*MATERIAL SUPPLIED*.
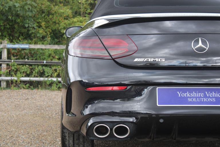 OVER 200 VEHICLES IN GROUP STOCK. Finished in Obsidian Black metallic with black leather and dinamica interior. Features include 12.3” digital instrument cluster, 19” AMG multispoke alloy wheels finished in gloss black, Air Scarf neck-level heating system, Air Cap wind deflector and draught-stop, Apple CarPlay and Android Auto, Comand satellite navigation, front and rear park distance control with rear view camera, heated front sport seats with electric adjustment, digital dual zone climate control with automatic air conditioning, bluetooth connectivity with media streaming, DAB digital radio, Multibeam LED headlights, rain sensor, cruise control, AMG performance exhaust system, AMG ride control sports suspension, dynamic select, traffic sign assist, electric folding exterior mirrors, privacy glass, keyless start, wireless phone charging, high gloss black with brushed aluminium door trims, red contrast stitching, illuminated AMG door sills, ghost immobiliser, voice control, AMG leather steering wheel with paddleshift, automatic transmission plus much more standard specification. This C43 AMG Cabriolet (Premium) is offered in excellent condition having covered 49700 miles from new. The car comes complete with a service history. GOOGLE YORKSHIRE VEHICLE SOLUTIONS FOR OUR CUSTOMER REVIEWS. PLEASE CALL OR E-MAIL FOR FURTHER DETAILS OR TO ARRANGE A PERSONALISED VIDEO OR VIEWING.
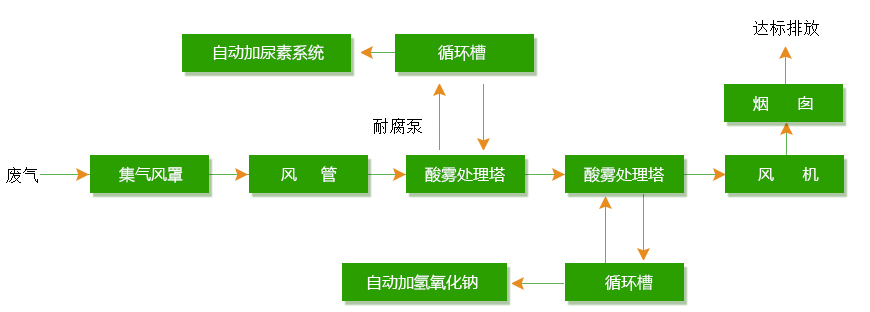(酸霧廢氣)采用兩套凈化塔串聯(lián)進(jìn)行吸收處理,吸收劑采用尿素和氫氧化鈉進(jìn)行中和處理,其治理工藝流程如下:
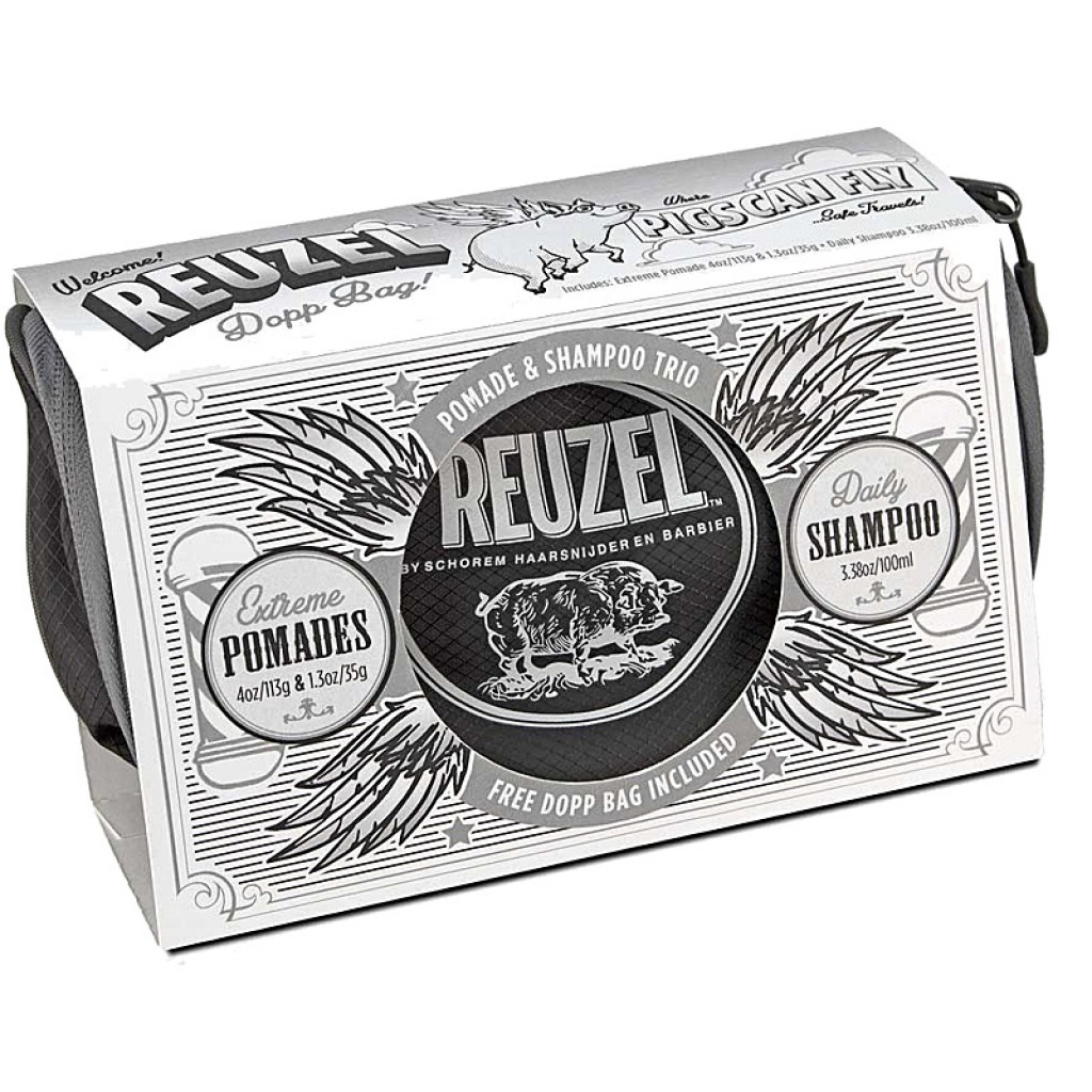 Dárková sada se závěsnou kosmetičkou taštičkou, matnou pomádou Extreme Hold 113 g a její 35 g cestovní variantou, včetně cestovního balení šamponu (100 ml) vhodného i na denní použití.
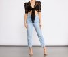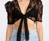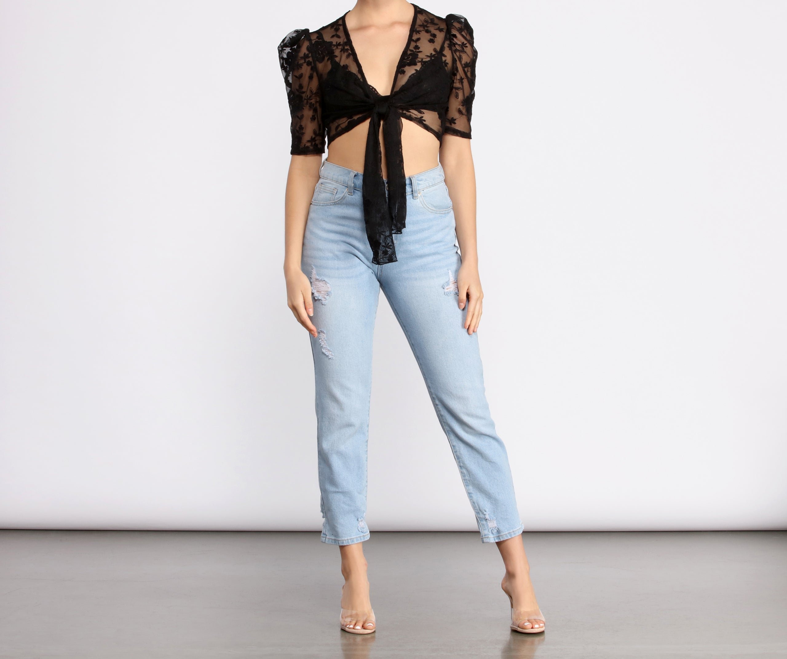 Showcase stunning looks in this sheer floral tie front top! The puff shoulder detailing is so of the moment! Pair with some high rise denim and chic strappy heels.
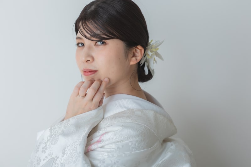 和装ではシンプルなシニヨンスタイルをご希望いただきました! 髪飾りには胡蝶蘭をおつけさせていただきました!
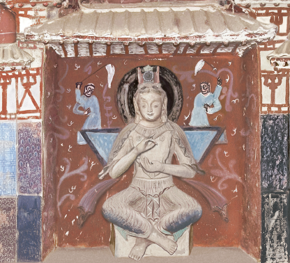 图中交脚菩萨为中心构筑的这幅画面,土红色沉稳,蓝色迷蒙,阙形龛围护着这个小世界,北凉人所要托付的、所要救赎的都通过颜色有所表达。
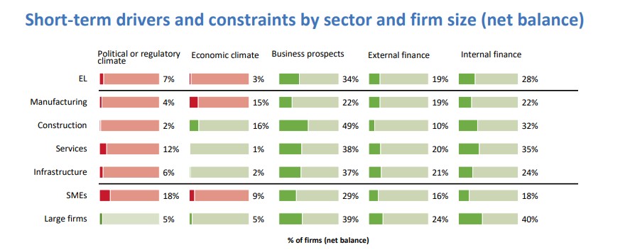 Οι ελληνικές επιχειρήσεις αναφέρουν ως κύρια εμπόδια το υψηλό κόστος ενέργειας (92%), την έλλειψη εξειδικευμένου προσωπικού (90%), την αβεβαιότητα για το μέλλον (90%) και τα διοικητικά/κανονιστικά βάρη (89%). Οι περιορισμοί στην πρόσβαση σε χρηματοδότηση επηρεάζουν το 13,5% των επιχειρήσεων, ποσοστό υψηλότερο από τον ευρωπαϊκό μέσο όρο (6,1%). Σημαντικό ποσοστό (73%) χρηματοδοτεί τις επενδύσεις του κυρίως από εσωτερικούς πόρους, ενώ το 27% επωφελείται από πολιτικές στήριξης, ποσοστό υψηλότερο από τον μέσο όρο της ΕΕ (16%).
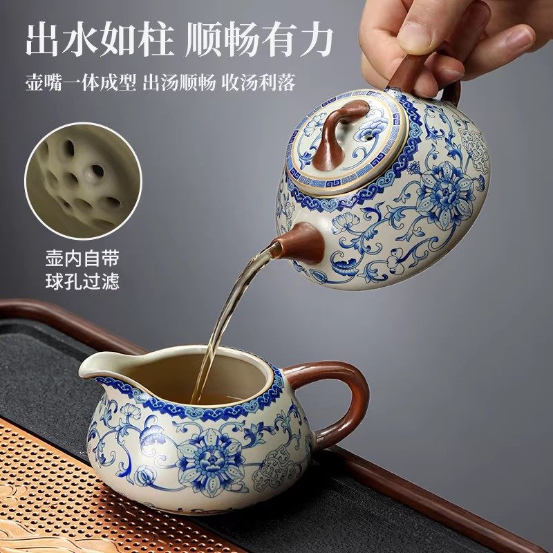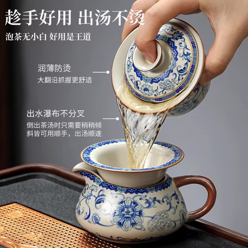 青花汝窑功夫茶具套装家用2025新款轻奢高档一套高端茶壶茶杯礼盒
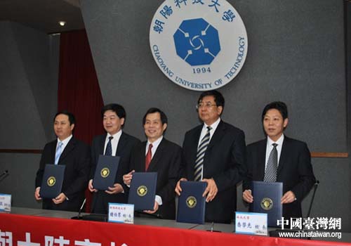 西北大学、西安理工大学、陕西理工学院、延安大学与朝阳科技大学签署交流合作协议。 (陕西省台办 赵有奇 摄 )
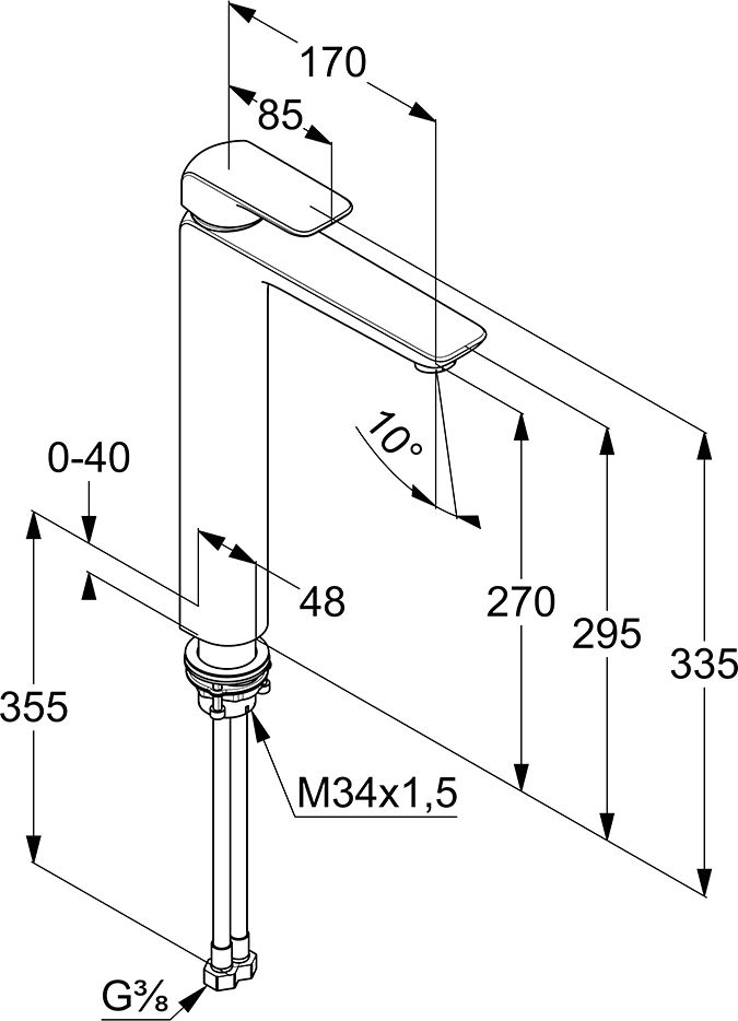 • Высота смесителя:
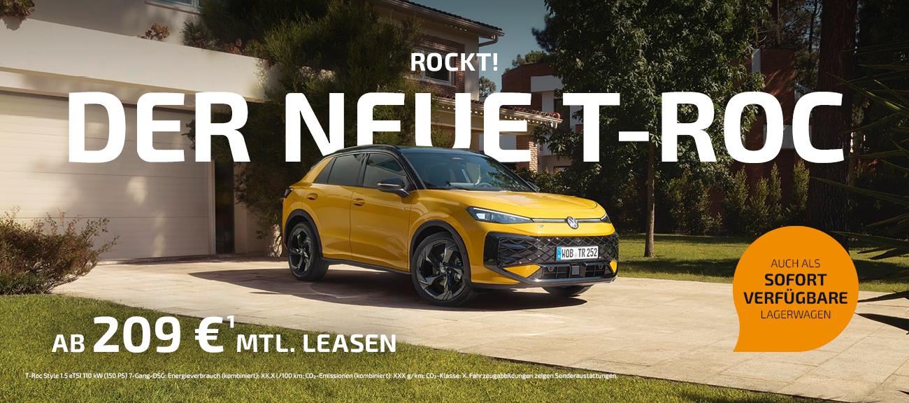 * Laufzeit 48 Monate, jährliche Fahrleistung 10.000 km. Ein Angebot der Volkswagen Leasing GmbH, Gifhorner Str. 57, 38112 Braunschweig, für die wir als ungebundener Vermittler gemeinsam mit Kunden die für den Abschluss des Leasingvertrags nötigen Vertragsunterlagen zusammenstellen. Bonität vorausgesetzt. Änderungen und Irrtümer vorbehalten. Alle Preise inkl. MwSt. Überführungskosten für die Abholung beim Händler i.H.v. 1.199,00 € berechnet der ausliefernde Betrieb separat. Zzgl. Zulassungskosten. Gültig bis 31.03.2026. Stand 02/2026
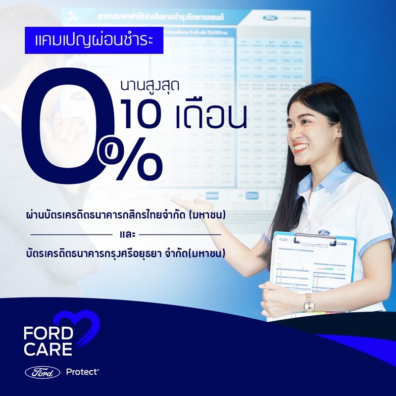 ทั้งนี้ ลูกค้ารถใหม่สามารถนำราคาแพ็กเกจไปจัดยอดสินเชื่อรวมกับราคารถยนต์ได้ หรือสามารถเลือกผ่อนชำระค่าโปรแกรมฟอร์ดแคร์แบบ 0% นานสูงสุด 10 เดือนผ่านบัตรเครดิตธนาคารกสิกรไทยจำกัด (มหาชน) และบัตรเครดิตธนาคารกรุงศรีอยุธยา จำกัด(มหาชน) ได้ทุกแพ็กเกจ เฉพาะหน้าบัตรที่ร่วมรายการ
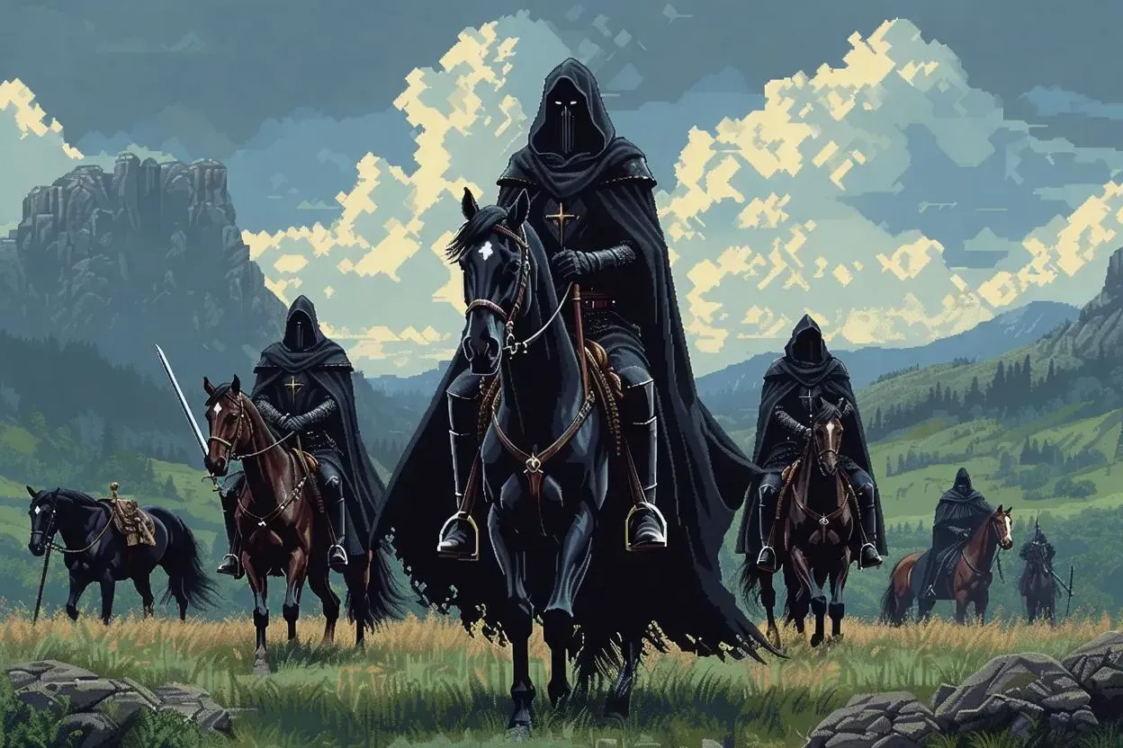 Step into a retro dark fantasy realm with AI-generated 1980s MS-DOS pixel art. Craft haunting Nazgûl riders on horses in a Lord of the Rings-inspired 8-bit style. Perfect for gamers and Tolkien fans, blending vintage aesthetics with dark, hooded figures. Vivago.ai transforms prompts into nostalgic, eerie visuals for indie games, merch, or pixel-art tributes.
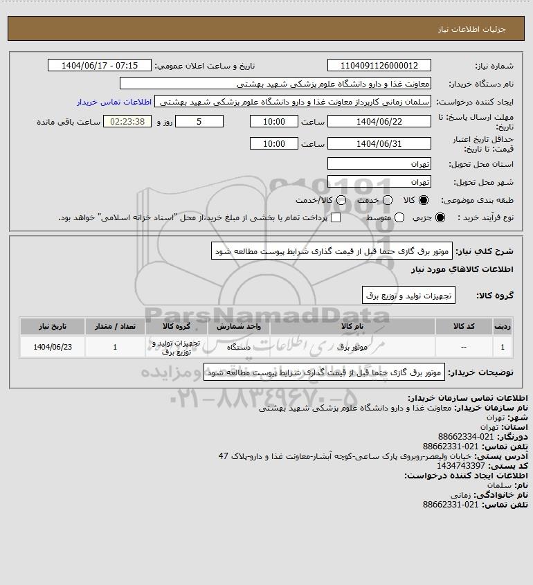 نام دستگاه خریدار:معاونت غذا و دارو دانشگاه علوم پزشکی شهید بهشتی

*WHAT IS EXPECTED*. In the copy, no picture may appear; the records themselves must be output exactly.

*OUTPUT BELOW*.
 OVER 200 VEHICLES IN GROUP STOCK. Finished in Obsidian Black metallic with black leather and dinamica interior. Features include 12.3” digital instrument cluster, 19” AMG multispoke alloy wheels finished in gloss black, Air Scarf neck-level heating system, Air Cap wind deflector and draught-stop, Apple CarPlay and Android Auto, Comand satellite navigation, front and rear park distance control with rear view camera, heated front sport seats with electric adjustment, digital dual zone climate control with automatic air conditioning, bluetooth connectivity with media streaming, DAB digital radio, Multibeam LED headlights, rain sensor, cruise control, AMG performance exhaust system, AMG ride control sports suspension, dynamic select, traffic sign assist, electric folding exterior mirrors, privacy glass, keyless start, wireless phone charging, high gloss black with brushed aluminium door trims, red contrast stitching, illuminated AMG door sills, ghost immobiliser, voice control, AMG leather steering wheel with paddleshift, automatic transmission plus much more standard specification. This C43 AMG Cabriolet (Premium) is offered in excellent condition having covered 49700 miles from new. The car comes complete with a service history. GOOGLE YORKSHIRE VEHICLE SOLUTIONS FOR OUR CUSTOMER REVIEWS. PLEASE CALL OR E-MAIL FOR FURTHER DETAILS OR TO ARRANGE A PERSONALISED VIDEO OR VIEWING.
(酸霧廢氣)采用兩套凈化塔串聯(lián)進(jìn)行吸收處理,吸收劑采用尿素和氫氧化鈉進(jìn)行中和處理,其治理工藝流程如下:
 Dárková sada se závěsnou kosmetičkou taštičkou, matnou pomádou Extreme Hold 113 g a její 35 g cestovní variantou, včetně cestovního balení šamponu (100 ml) vhodného i na denní použití.
 Showcase stunning looks in this sheer floral tie front top! The puff shoulder detailing is so of the moment! Pair with some high rise denim and chic strappy heels.
 和装ではシンプルなシニヨンスタイルをご希望いただきました! 髪飾りには胡蝶蘭をおつけさせていただきました!
 图中交脚菩萨为中心构筑的这幅画面,土红色沉稳,蓝色迷蒙,阙形龛围护着这个小世界,北凉人所要托付的、所要救赎的都通过颜色有所表达。
 Οι ελληνικές επιχειρήσεις αναφέρουν ως κύρια εμπόδια το υψηλό κόστος ενέργειας (92%), την έλλειψη εξειδικευμένου προσωπικού (90%), την αβεβαιότητα για το μέλλον (90%) και τα διοικητικά/κανονιστικά βάρη (89%). Οι περιορισμοί στην πρόσβαση σε χρηματοδότηση επηρεάζουν το 13,5% των επιχειρήσεων, ποσοστό υψηλότερο από τον ευρωπαϊκό μέσο όρο (6,1%). Σημαντικό ποσοστό (73%) χρηματοδοτεί τις επενδύσεις του κυρίως από εσωτερικούς πόρους, ενώ το 27% επωφελείται από πολιτικές στήριξης, ποσοστό υψηλότερο από τον μέσο όρο της ΕΕ (16%).
 青花汝窑功夫茶具套装家用2025新款轻奢高档一套高端茶壶茶杯礼盒
 西北大学、西安理工大学、陕西理工学院、延安大学与朝阳科技大学签署交流合作协议。 (陕西省台办 赵有奇 摄 )
 • Высота смесителя:
 * Laufzeit 48 Monate, jährliche Fahrleistung 10.000 km. Ein Angebot der Volkswagen Leasing GmbH, Gifhorner Str. 57, 38112 Braunschweig, für die wir als ungebundener Vermittler gemeinsam mit Kunden die für den Abschluss des Leasingvertrags nötigen Vertragsunterlagen zusammenstellen. Bonität vorausgesetzt. Änderungen und Irrtümer vorbehalten. Alle Preise inkl. MwSt. Überführungskosten für die Abholung beim Händler i.H.v. 1.199,00 € berechnet der ausliefernde Betrieb separat. Zzgl. Zulassungskosten. Gültig bis 31.03.2026. Stand 02/2026
 ทั้งนี้ ลูกค้ารถใหม่สามารถนำราคาแพ็กเกจไปจัดยอดสินเชื่อรวมกับราคารถยนต์ได้ หรือสามารถเลือกผ่อนชำระค่าโปรแกรมฟอร์ดแคร์แบบ 0% นานสูงสุด 10 เดือนผ่านบัตรเครดิตธนาคารกสิกรไทยจำกัด (มหาชน) และบัตรเครดิตธนาคารกรุงศรีอยุธยา จำกัด(มหาชน) ได้ทุกแพ็กเกจ เฉพาะหน้าบัตรที่ร่วมรายการ
 Step into a retro dark fantasy realm with AI-generated 1980s MS-DOS pixel art. Craft haunting Nazgûl riders on horses in a Lord of the Rings-inspired 8-bit style. Perfect for gamers and Tolkien fans, blending vintage aesthetics with dark, hooded figures. Vivago.ai transforms prompts into nostalgic, eerie visuals for indie games, merch, or pixel-art tributes.
 نام دستگاه خریدار:معاونت غذا و دارو دانشگاه علوم پزشکی شهید بهشتی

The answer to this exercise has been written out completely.